== TASK TO CARRY OUT ==
For the records that follow, restate each one word for word and leave the images behind.

== DATA FOR THE TASK ==
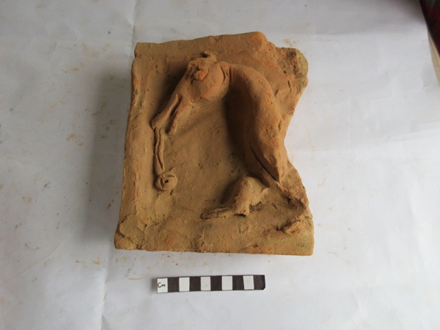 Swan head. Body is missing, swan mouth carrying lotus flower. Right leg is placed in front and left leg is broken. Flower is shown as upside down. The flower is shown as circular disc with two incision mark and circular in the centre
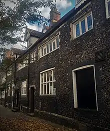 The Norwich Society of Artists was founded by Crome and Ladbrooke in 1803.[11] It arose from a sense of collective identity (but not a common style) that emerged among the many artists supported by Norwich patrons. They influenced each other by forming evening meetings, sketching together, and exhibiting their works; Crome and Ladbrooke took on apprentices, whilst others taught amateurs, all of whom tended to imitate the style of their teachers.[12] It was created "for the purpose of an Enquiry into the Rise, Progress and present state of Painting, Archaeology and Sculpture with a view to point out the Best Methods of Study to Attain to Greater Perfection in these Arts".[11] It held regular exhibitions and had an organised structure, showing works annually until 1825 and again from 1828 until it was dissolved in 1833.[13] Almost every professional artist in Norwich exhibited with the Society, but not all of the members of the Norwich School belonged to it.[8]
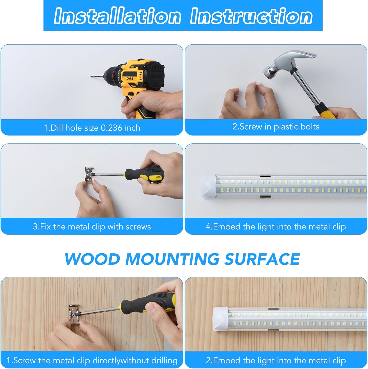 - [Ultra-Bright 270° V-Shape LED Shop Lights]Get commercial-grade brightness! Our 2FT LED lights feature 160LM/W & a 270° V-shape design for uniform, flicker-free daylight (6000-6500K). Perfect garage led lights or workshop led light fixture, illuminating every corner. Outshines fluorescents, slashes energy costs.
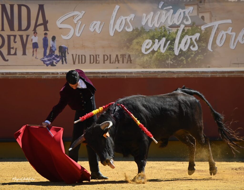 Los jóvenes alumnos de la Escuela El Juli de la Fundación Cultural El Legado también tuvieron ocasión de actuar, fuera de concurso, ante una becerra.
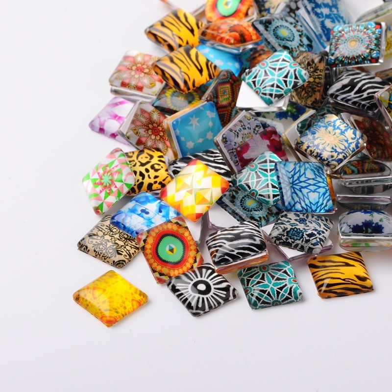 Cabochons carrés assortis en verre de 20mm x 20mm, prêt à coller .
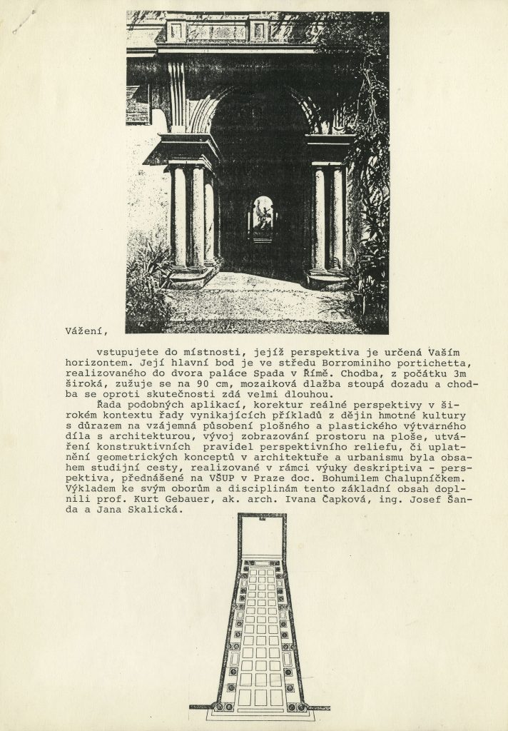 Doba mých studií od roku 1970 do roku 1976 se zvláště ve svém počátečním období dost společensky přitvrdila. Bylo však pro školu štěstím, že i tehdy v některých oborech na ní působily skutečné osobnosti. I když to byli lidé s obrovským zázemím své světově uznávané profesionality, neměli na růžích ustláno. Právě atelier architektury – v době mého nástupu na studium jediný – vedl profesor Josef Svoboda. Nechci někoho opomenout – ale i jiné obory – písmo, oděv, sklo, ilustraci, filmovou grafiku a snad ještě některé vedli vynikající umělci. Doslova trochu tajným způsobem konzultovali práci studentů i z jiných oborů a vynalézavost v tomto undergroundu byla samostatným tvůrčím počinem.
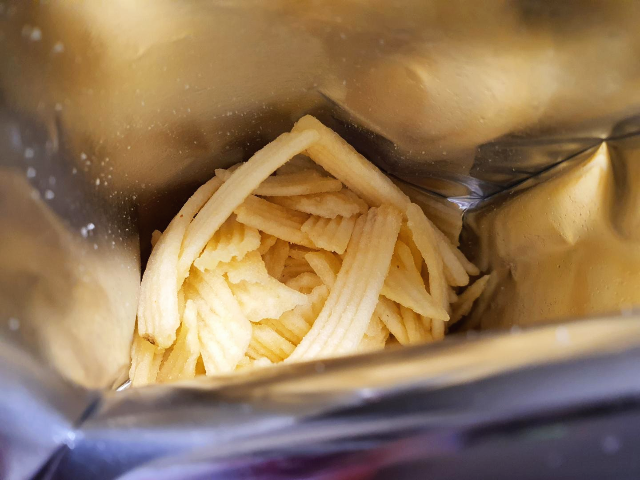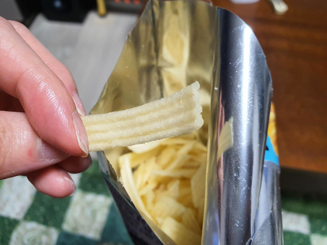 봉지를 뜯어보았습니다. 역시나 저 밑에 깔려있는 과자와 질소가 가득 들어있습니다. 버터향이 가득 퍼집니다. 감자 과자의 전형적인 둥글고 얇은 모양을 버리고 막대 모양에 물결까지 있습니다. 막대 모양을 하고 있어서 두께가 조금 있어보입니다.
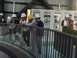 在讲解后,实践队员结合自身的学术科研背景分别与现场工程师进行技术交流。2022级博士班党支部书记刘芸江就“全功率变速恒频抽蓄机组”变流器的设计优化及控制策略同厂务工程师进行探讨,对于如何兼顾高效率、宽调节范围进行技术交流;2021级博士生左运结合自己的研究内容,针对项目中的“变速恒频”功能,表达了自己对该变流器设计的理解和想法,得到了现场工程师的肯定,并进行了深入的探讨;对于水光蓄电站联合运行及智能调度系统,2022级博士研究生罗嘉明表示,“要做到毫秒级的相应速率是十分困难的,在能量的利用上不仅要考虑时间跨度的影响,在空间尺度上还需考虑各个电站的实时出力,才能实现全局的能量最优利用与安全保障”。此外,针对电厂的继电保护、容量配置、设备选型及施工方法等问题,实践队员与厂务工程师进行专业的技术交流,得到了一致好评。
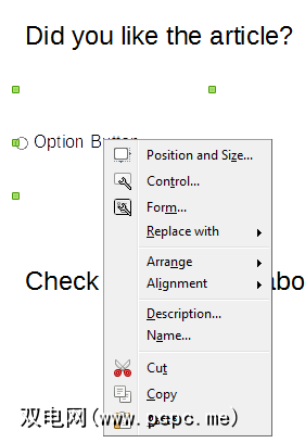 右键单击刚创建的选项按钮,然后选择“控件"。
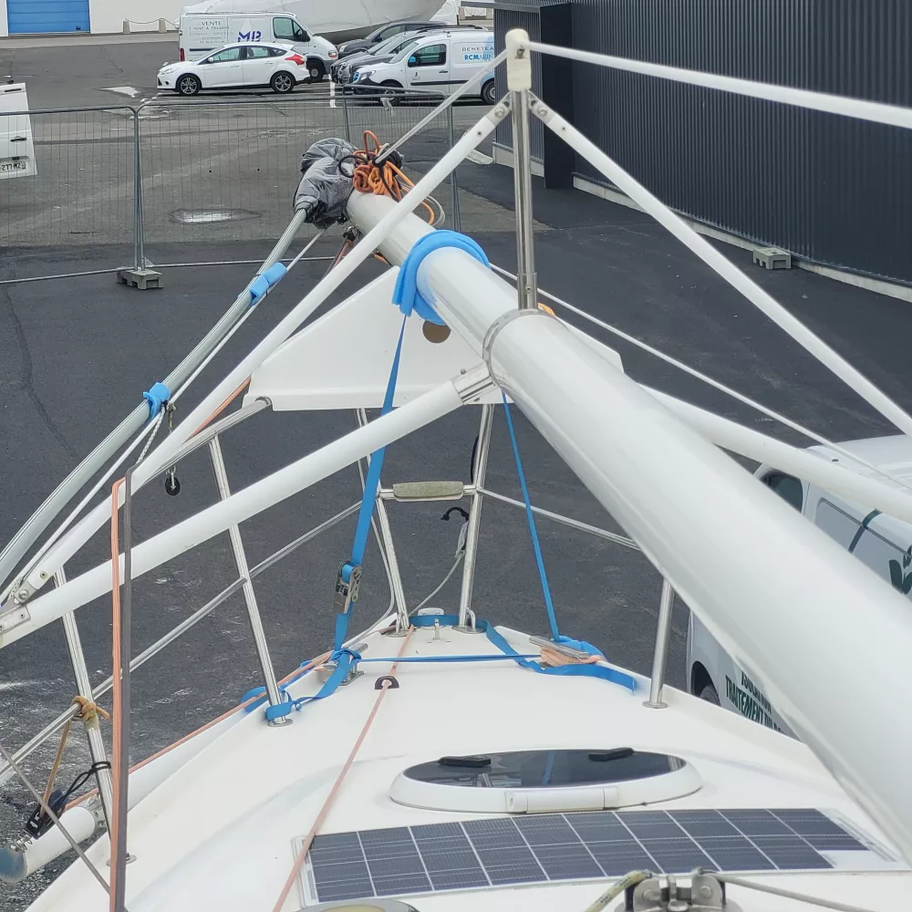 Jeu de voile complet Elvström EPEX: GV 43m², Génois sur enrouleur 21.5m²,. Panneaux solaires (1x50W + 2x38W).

== RESULT FOR THIS TASK ==
 Swan head. Body is missing, swan mouth carrying lotus flower. Right leg is placed in front and left leg is broken. Flower is shown as upside down. The flower is shown as circular disc with two incision mark and circular in the centre
 The Norwich Society of Artists was founded by Crome and Ladbrooke in 1803.[11] It arose from a sense of collective identity (but not a common style) that emerged among the many artists supported by Norwich patrons. They influenced each other by forming evening meetings, sketching together, and exhibiting their works; Crome and Ladbrooke took on apprentices, whilst others taught amateurs, all of whom tended to imitate the style of their teachers.[12] It was created "for the purpose of an Enquiry into the Rise, Progress and present state of Painting, Archaeology and Sculpture with a view to point out the Best Methods of Study to Attain to Greater Perfection in these Arts".[11] It held regular exhibitions and had an organised structure, showing works annually until 1825 and again from 1828 until it was dissolved in 1833.[13] Almost every professional artist in Norwich exhibited with the Society, but not all of the members of the Norwich School belonged to it.[8]
 - [Ultra-Bright 270° V-Shape LED Shop Lights]Get commercial-grade brightness! Our 2FT LED lights feature 160LM/W & a 270° V-shape design for uniform, flicker-free daylight (6000-6500K). Perfect garage led lights or workshop led light fixture, illuminating every corner. Outshines fluorescents, slashes energy costs.
 Los jóvenes alumnos de la Escuela El Juli de la Fundación Cultural El Legado también tuvieron ocasión de actuar, fuera de concurso, ante una becerra.
 Cabochons carrés assortis en verre de 20mm x 20mm, prêt à coller .
 Doba mých studií od roku 1970 do roku 1976 se zvláště ve svém počátečním období dost společensky přitvrdila. Bylo však pro školu štěstím, že i tehdy v některých oborech na ní působily skutečné osobnosti. I když to byli lidé s obrovským zázemím své světově uznávané profesionality, neměli na růžích ustláno. Právě atelier architektury – v době mého nástupu na studium jediný – vedl profesor Josef Svoboda. Nechci někoho opomenout – ale i jiné obory – písmo, oděv, sklo, ilustraci, filmovou grafiku a snad ještě některé vedli vynikající umělci. Doslova trochu tajným způsobem konzultovali práci studentů i z jiných oborů a vynalézavost v tomto undergroundu byla samostatným tvůrčím počinem.
 봉지를 뜯어보았습니다. 역시나 저 밑에 깔려있는 과자와 질소가 가득 들어있습니다. 버터향이 가득 퍼집니다. 감자 과자의 전형적인 둥글고 얇은 모양을 버리고 막대 모양에 물결까지 있습니다. 막대 모양을 하고 있어서 두께가 조금 있어보입니다.
 在讲解后,实践队员结合自身的学术科研背景分别与现场工程师进行技术交流。2022级博士班党支部书记刘芸江就“全功率变速恒频抽蓄机组”变流器的设计优化及控制策略同厂务工程师进行探讨,对于如何兼顾高效率、宽调节范围进行技术交流;2021级博士生左运结合自己的研究内容,针对项目中的“变速恒频”功能,表达了自己对该变流器设计的理解和想法,得到了现场工程师的肯定,并进行了深入的探讨;对于水光蓄电站联合运行及智能调度系统,2022级博士研究生罗嘉明表示,“要做到毫秒级的相应速率是十分困难的,在能量的利用上不仅要考虑时间跨度的影响,在空间尺度上还需考虑各个电站的实时出力,才能实现全局的能量最优利用与安全保障”。此外,针对电厂的继电保护、容量配置、设备选型及施工方法等问题,实践队员与厂务工程师进行专业的技术交流,得到了一致好评。
 右键单击刚创建的选项按钮,然后选择“控件"。
 Jeu de voile complet Elvström EPEX: GV 43m², Génois sur enrouleur 21.5m²,. Panneaux solaires (1x50W + 2x38W).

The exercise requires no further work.